Andrew R. McIlvaine, who writes for Recruiting Trends, brings to light some measures that hiring managers are taking to try to attract talent in an ever-shrinking talent pool. The latest information from CareerBuilder’s Midyear Job Forecast includes a predicted salary hike by at least 39% of employers in the second half of 2016. Another 70% of HR leaders advised that they will have to start paying workers increased wages as the market continues thin.
Matt Ferguson, CEO of CareerBuilder, says that, “Wages will represent the biggest area of change.” The wage increases won’t happen overnight, but their survey indicates hiring managers are planning for the worst with the best possible compensation they can offer.
The CareerBuilder survey of 3,244 full-time American workers and 2,153 hiring managers took place in the spring of 2016, and indicated that 20% of the polled organizations have plans to offer higher starting salaries going into the second part of 2016, by as much as 5% higher.
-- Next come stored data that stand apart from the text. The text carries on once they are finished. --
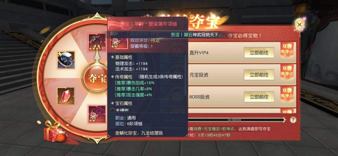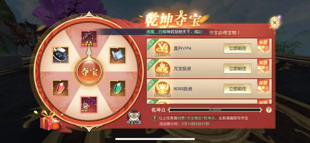 乾坤夺宝是一个转盘式的抽奖小游戏,需要拥有一定的乾坤点数才可以进行乾坤夺宝,3000点乾坤点可以进行一次夺宝,有机会可以获得红色项链。另外充值VIP可以获得双倍的乾坤点数,活动有时间限制,各位神王要抓紧时间参加活动。
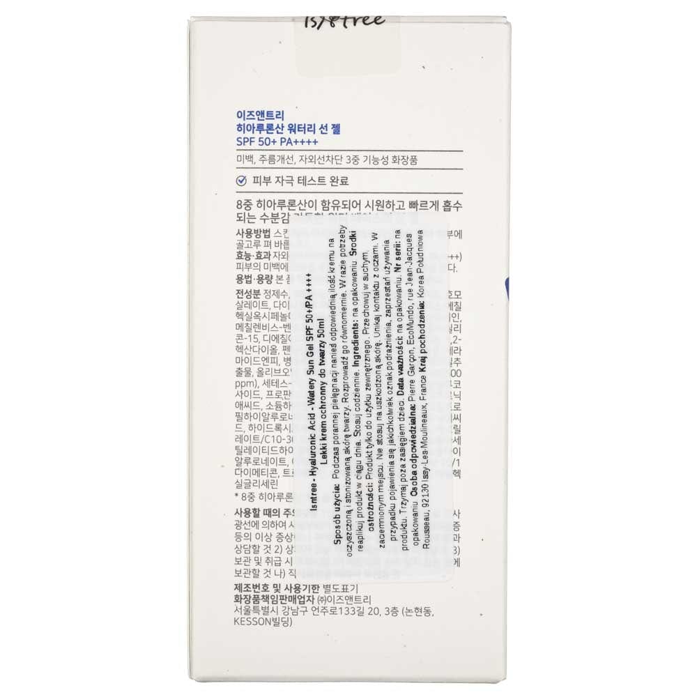 Isntree Gel solaire aqueux à l'acide hyaluronique SPF 50+ PA++++ UVA/UVB - 50 ml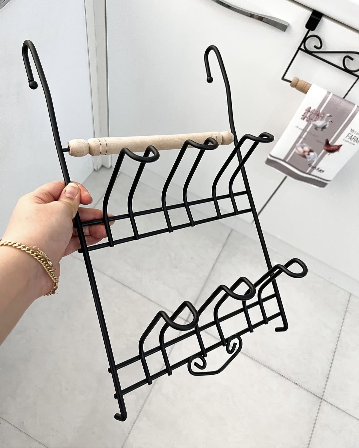 استند لیوان و فنجانِ فلزیِ دسته چوبی

Another 53% plan to raise starting salaries by more than 5%.
The findings of the CareerBuilder survey validate that in certain markets there are definitely shortages of skilled candidates. The hottest job markets are predicted to be in customer service (29%), sales (27%), information technology roles (25%), and production (20%). The companies that are experiencing the highest rate of growth and are focusing on improving compensation plans are those with 250-500 employees.
The good news, says Ferguson, is that the US job market looks steady, and, “While certain industries or locations may produce more job growth, hiring overall will hold steady throughout the election season and through the end of the year.” Hiring is tough right now for many companies, but by being smart with recruitment incentives, the outlook for talent looks positive.